An interesting primer on the credit crisis on NPR’s "Fresh Air" places the bulk of the blame on the existence of over-the-counter (off exchange) derivatives. The subject of the interview, Michael Greenberger, claims that failure to regulate OTC derivatives was caused by the introduction and passage of the Commodity Futures Modernization Act rider by Senator Phil Gramm in December 2000. He then claims that "we’ve been embarking on financial fiascos ever since." The implicit argument is that there were few or no financial fiascos prior to this Act, which anyone who: (1) was alive in 1998, 1997, 1994, 1992, 1987, 1985, 1982, 1980, 1977, 1974, etc. or (2) has picked up a book on the history of finance, will know is utter nonsense.
Ignoring the historical fallacy that her subject had just uttered, interviewer Terry Gross instead pointed out that Phil Gramm is now one of Sen. McCain’s economic advisors, to which Mr. Greenberger rejoined that Sen. McCain has admitted to not being an expert in economics, heaven forbid.* You couldn’t script this stuff…could you?
"Fresh Air" is a worthwhile program that lands some very interesting guests, and its listeners ought to have the opportunity to learn about the existence of private derivative contracts. But there was no counter to the subject’s obvious biases, and it should be apparent that this ‘educational piece’ had a not-so-subtle polemic behind it. Watch for this thesis to become a point of attack for Senator McCain’s opponent in the general election: McCain, who knows nothing of economics, is advised by Gramm, who, under the influence of Wall Street lobbyists, passed the very law that has directly led to the current financial market meltdown, has caused millions to be evicted from their homes, and presumably, has contributed to global warming in some way. Despite its absurdity, the McCain campaign will have to do more than just laugh it off. Such is politics.

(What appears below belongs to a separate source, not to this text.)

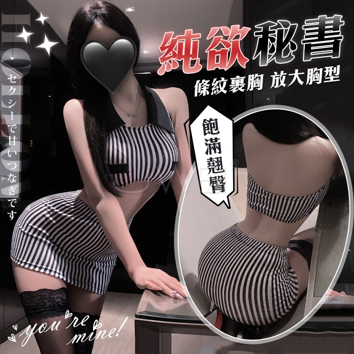 純欲秘書.條紋裹胸放大胸型露腰美背包臀秘書套裝【上衣+包臀裙+T褲】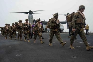 | Keywords: USS Bonhomme Richard flight deck operations 150331-N-RU971-035.jpg en 150331-N-RU971-035 WATERS TO THE EAST OF THE KOREAN PENINSULA An MV-22 Osprey tiltrotor aircraft offloads Marines assigned to the 31st Marine Expeditionary Unit returning from the Korean Marine Exchange Program on the flight deck of the forward-deployed amphibious assault ship USS Bonhomme Richard U S Sailors and Marines from the Bonhomme Richard Amphibious Ready Group and the 31st MEU are participating in the Korean Marine Exchange Program in the Republic of Korea with the ROK marine corps and navy The Bonhomme Richard ARG is comprised of the amphibious assault ship USS Bonhomme Richard the amphibious transport dock ship USS Green Bay the Whidbey-island class amphibious dock landing ship USS Ashland and the embarked 31st MEU 2015-03-31 March 31 2015 https //www dvidshub net/image/1847965 150331-N-RU971-035 2015-03-31 07 58 USS BONHOMME RICHARD WATERS TO THE EAST OF THE KOREAN PENINSULA AT SEA PD-USGov-Military-Navy MV-22B Osprey 31st Marine Expeditionary Unit USS Bonhomme Richard LHD-6 USS Green Bay LPD-20 Images from DoD uploaded by FĂŚ |

http://www.npr.org/templates/story/story.php?storyId=89338743
*McCain’s candid admission has been attacked in some circles as a sin of ommission. Meanwhile, both Sen. Obama and Sen. Clinton profess the belief that higher taxes and stiffer trade barriers will produce an economic Shangri-La (rather than a nasty bout of stagflation, when combined with loose monetary policy). Furthermore, with her claim to the Wall Street Journal that she just "doesn’t buy" that the expectations of future tax hikes can create disincentives to economic activity, Sen. Clinton casually swept away a vast body of knowledge that has several Nobel prizes associated with it. Sen. Obama, when he speaks of taxes, seems blissfully unaware of the fact that capital is increasingly mobile in today’s world, and has been for several decades. Given that kind of brazen nonsense, there’s a poignant irony in Sen. McCain being attacked for his admitted lack of economic bona fides, or said another way, for his awareness and willingness to admit what he does not know.